Faster Stochastic Alternating Direction Method of Multipliers for Nonconvex Optimization
Proceedings of the 36th International Conference on Machine Learning, PMLR 97:2839-2848, 2019.
In this paper, we propose a faster stochastic alternating direction method of multipliers (ADMM) for nonconvex optimization by using a new stochastic path-integrated differential estimator (SPIDER), called as SPIDER-ADMM. Moreover, we prove that the SPIDER-ADMM achieves a record-breaking incremental first-order oracle (IFO) complexity for finding an $\epsilon$-approximate solution. As one of major contribution of this paper, we provide a new theoretical analysis framework for nonconvex stochastic ADMM methods with providing the optimal IFO complexity. Based on this new analysis framework, we study the unsolved optimal IFO complexity of the existing non-convex SVRG-ADMM and SAGA-ADMM methods, and prove their the optimal IFO complexity.
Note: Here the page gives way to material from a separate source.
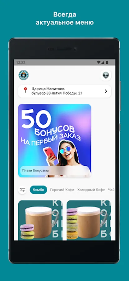 Here you can order: coffee, lemonade, water, tea, cocoa, frappuch,

Thus, the SPIDER-ADMM improves the existing stochastic ADMM methods. Moreover, we extend SPIDER-ADMM to the online setting, and propose a faster online SPIDER-ADMM. Our theoretical analysis also derives the IFO complexity of the online SPIDER-ADMM. Finally, the experimental results on benchmark datasets validate that the proposed algorithms have faster convergence rate than the existing ADMM algorithms for nonconvex optimization.